Harper, 725 P.2d at 1068.
Id.
Id.
Id.
Id.
Unlike AS 21.89.030, 3 AAC 26.550 is not merely an administrative tool employed to facilitate insurance transactions. Rather it is intended to force insurers to comply with proper notice requirements to protect insureds' reasonable expectations. It therefore properly bears on the validity of a policy provision that limits coverage.
The Alaska Director of Insurance observed in Order R 96-03 that "limitations of coverage for attorney fees taxable as costs against an insured according to Alaska Rule of Civil Procedure 82 that do not address an insured's reasonable expectations for coverage or do not provide adequate disclosure of the insured's potential uninsured liability constitute an unfair or deceptive trade act."
Because a dispute about whether a limiting endorsement "conforms with" Notice A necessarily assumes that the director did not approve the limitation before the insurer issued the endorsement, it almost inevitably will arise only after an accident occurs. Post-accident agency enforcement will provide little relief to insureds whose rights may have been fixed when the loss occurred. Allowing the interested private parties to litigate the validity issue is a useful way to encourage compliance. We therefore hold that private parties may litigate whether an endorsement attempting to limit attorney's fees coverage is enforceable if it arguably does not comply with 3 AAC 26.550.

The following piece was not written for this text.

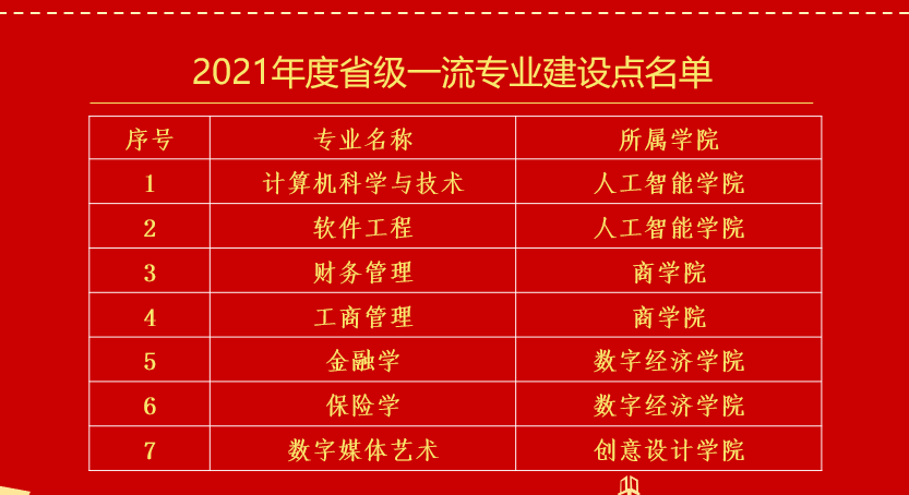 2021年度,Beat365人工智能学院的计算机科学与技术和软件工程,商学院的财务管理和工商管理,数字经济学院的金融学和保险学,创意设计学院的数字媒体艺术等7个专业批为广东省一流本科专业建设点,每个专业团队奖励10万元,共70万元。2021年度《计算机组成原理》《控制系统综合设计与制作》《税法》《社会工作概论》《保险学原理》等5门课程被认定为省级一流课程,每门课程负责人奖励4万元,共20万元。

Grant Aviation also argues that the Therchiks are not the assignees of Grant Aviation's rights against Houston Casualty. But Grant Aviation does not argue that the absence of an assignment altogether prevents the Therchiks from seeking a declaration that Endorsement 8 is invalid. Such an argument would be inherently inconsistent with the terms of the settlement, which Grant Aviation characterizes on appeal as providing that "the settling parties will abide by the ultimate court ruling on the one remaining issue — the extent of attorney fees owed under the policy." The Therchiks and Grant Aviation (and, we assume, Houston Casualty) agreed to settle on terms that expressly permitted the lawsuit to determine "whether there are any additional amounts in . . . Rule 82 attorneys' fees within the coverage of the Houston Casualty Company policy which will be paid by Houston Casualty Company should the Bethel Superior Court award additional funds." No argument is asserted by the Therchiks or Grant Aviation that Houston Casualty should have been a named party in the continuing litigation or that its absence somehow affects the outcome of this appeal.
C. Endorsement 8 Does Not Satisfy 3 AAC 26.550 .
The primary issue on appeal is whether Endorsement 8 satisfies the requirements of 3 AAC 26.550. The Therchiks argue that the superior court erred in declaring valid an endorsement that neither conformed with Notice A nor had received the director's approval, as 3 AAC 26.550 alternatively requires. The regulation requires an insurer seeking to limit coverage for Civil Rule 82 attorney's fees awards against its insured to include a "policyholder notice" that must either:
(1) conform with the division's
(A) Attorney Fees Coverage Notice A, dated March 29, 1996, and hereby adopted by reference, for a policy with a duty to defend in addition to its limit of liability;
. . . or
(2) be approved in writing by the director upon a determination that the proposed notice is substantially equivalent to the division's Attorney's Fees Coverage Notice A. . . .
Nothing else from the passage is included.